According to Appiah who qualified Ghana to the 2014 FIFA World Cup in Brazil, it is sometimes difficult for coaches like him to reveal damning and incriminating details about a team because he is not retired and might work with the same players and officials he mentions in a book.
However, with the thought of retirement playing heavy on his mind, Appiah is confident that if he finally calls it quit regarding his coaching career, he will be a lot more forthcoming with details about things that happened during his time as a player and coach.
“You know sometimes when you are still coaching you are careful not to reveal certain things but once you are retired or no longer coaching then you won’t have to think too much about the details you reveal.

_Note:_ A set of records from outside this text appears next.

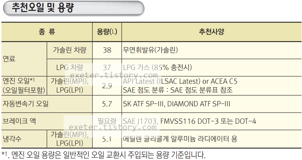 엔진오일 (가솔린(MPI) , LPG): 2.9 리터 (API Latest (ILSAC Latest) or ACEA C5)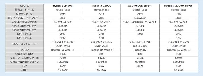 ZenアーキテクチャーのCPUとVegaアーキテクチャーのGPUを組み合わせた “Raven Ridge(レイヴンリッジ)”をベースにした初のデスクトッププロセッサーで、「Ryzen」シリーズの投入でCPU市場で勢いを増しているAMDが、今年初のデスクトッププロセッサーとして投入するモデルでもある。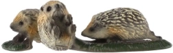 Diese kleine Dekoration zeigt eine Igelmutter mit ihren Jungen auf einem grünen Sockel, der an eine Wiese erinnert. Sie wirkt natürlich dank sorgfältig ausgearbeiteter Details der Stacheln, Schnäuzchen und Pfoten. Ideal für das Regal, die Fensterbank, den Schreibtisch oder die Kinderecke.
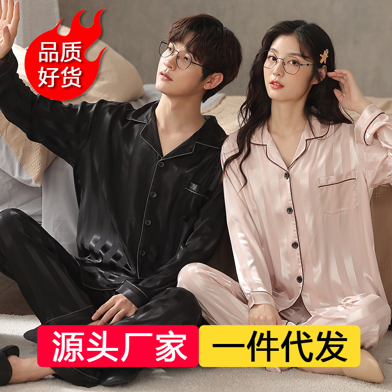 カップルのパジャマ女性の新しい秋の氷のパジャマセットの襟のカーディガンの長袖のズボンの部屋の服の男性のスーツ
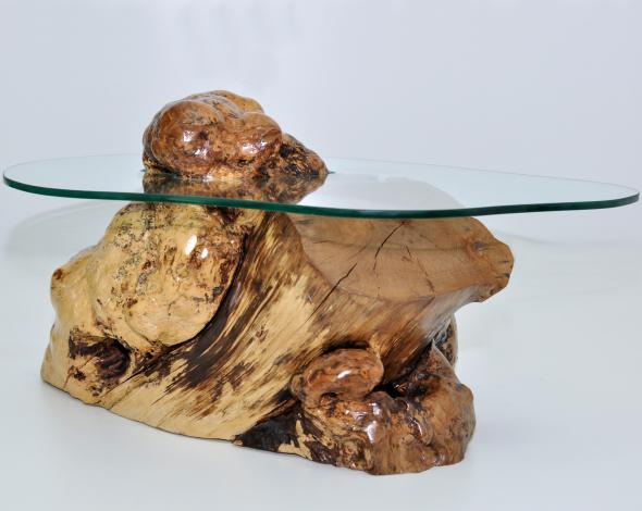 Der unikate Couchtisch Splendour wurde aus einer Holzbildung auf dem Baumstamm einer Buche hergestellt. Die Tischplatte wurde aus gehärtetem Glas erarbeitet. Der Oberteil, der über die Glasfläche reicht, verleiht dem Tisch einen originalen Charakter.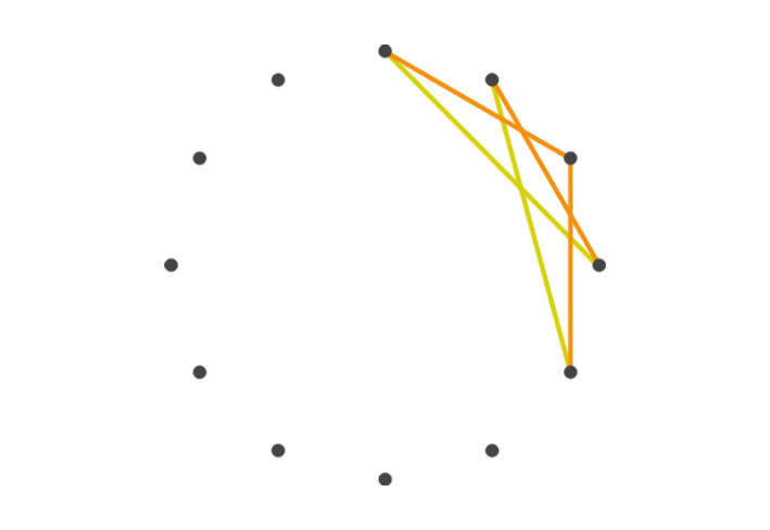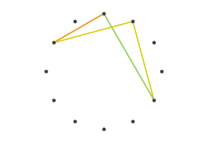 Aquí tenéis un nuevo recurso educativo que nos encanta y en el que podréis observar cómo se materializan las relaciones algebraicas / geométricas en relaciones musicales. Os dejamos un dibujo donde se ven todos los caminos regulares entre cada uno de sus vértices, así como todos los polígonos que genera cada uno de los caminos. Cada vértice es una nota, y cada línea es un intervalo. Además están todos los intervalos posibles. Ideal para trabajar escalas, acordes… y así aprender música y teoría musical.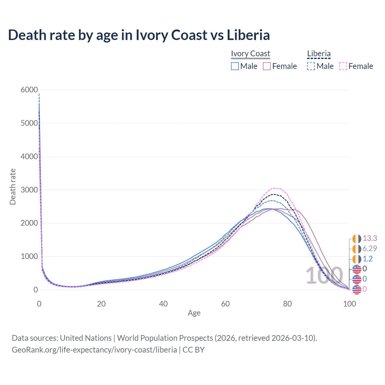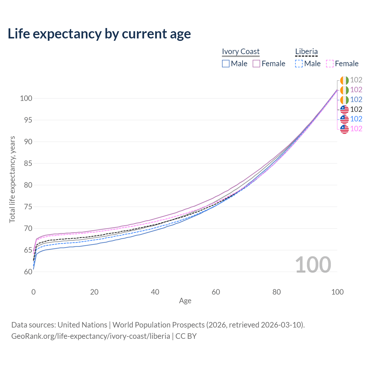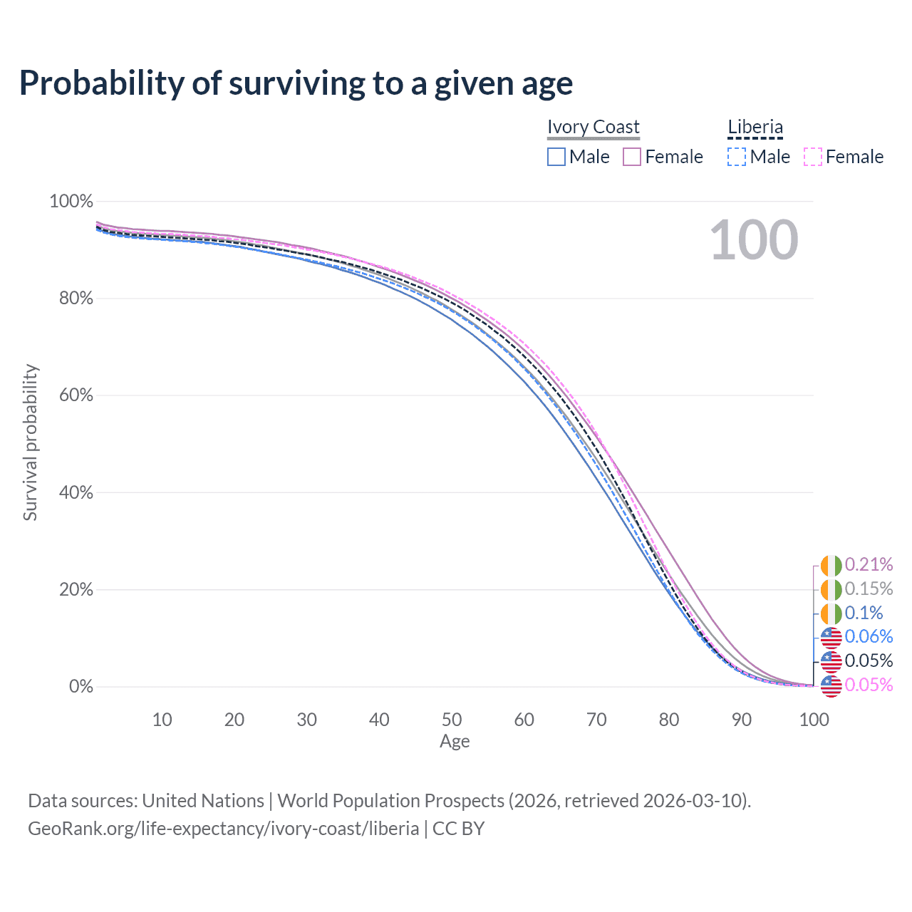 This life expectancy calculator shows the odds of living to 100, 95, 90, and below based on current age for both males and females in Ivory Coast and Liberia, along with mean and median age of death. The calculations are based on the 2026 life tables (actuarial tables) from the UN World Population Prospects.

I plan on having another book soon and maybe in that book I will reveal a lot more things about my time as a player and as a coach,” Appiah told Accra-based Starr FM.
Kwasi Appiah recently lost his job as Black Stars coach after the Ghana Football Association decided not to extend his contract when it expired on December 31.
He is using his time away from active duty to promote the launch of his maiden book which he argues is a must-have for every active and aspiring footballer and coach.
Appiah also admitted that two Premier League coaching greats are the inspiration behind the authoring of his book “Leaders don’t have to yell”
In an interview with Joy Sports, Appiah revealed that he felt highly encouraged to emulate after reading Sir Alex Ferguson’s My Autobiography and Arsene Wenger’s book titled Arsene Wenger – The Inside story of Arsenal under Arsene.
“I understood why they[Ferguson and Wenger] took certain decisions and how they handled certain complex situations,” he told Joy Sports Editor, Nathaniel Attoh in an interview.
The 59-year-old, who also played for Black Stars between 1987 and 1992, said he chose these two coaching icons as mentoring figures because of their experiences gathered which were also crowned with big achievements. “They also made some very big players and managed their expectations and egos.”
“The book gets everyone close to me. I do appreciate the space I have operated in. When the results don’t go well everyone will criticize and think they know you better than everyone else.”
“What people do not know is that every decision I have taken or the way I have conducted myself is informed by something. The fact that I am calm and keep a cool demeanour doesn’t mean I am weak. Quiet people are the toughest,” he said.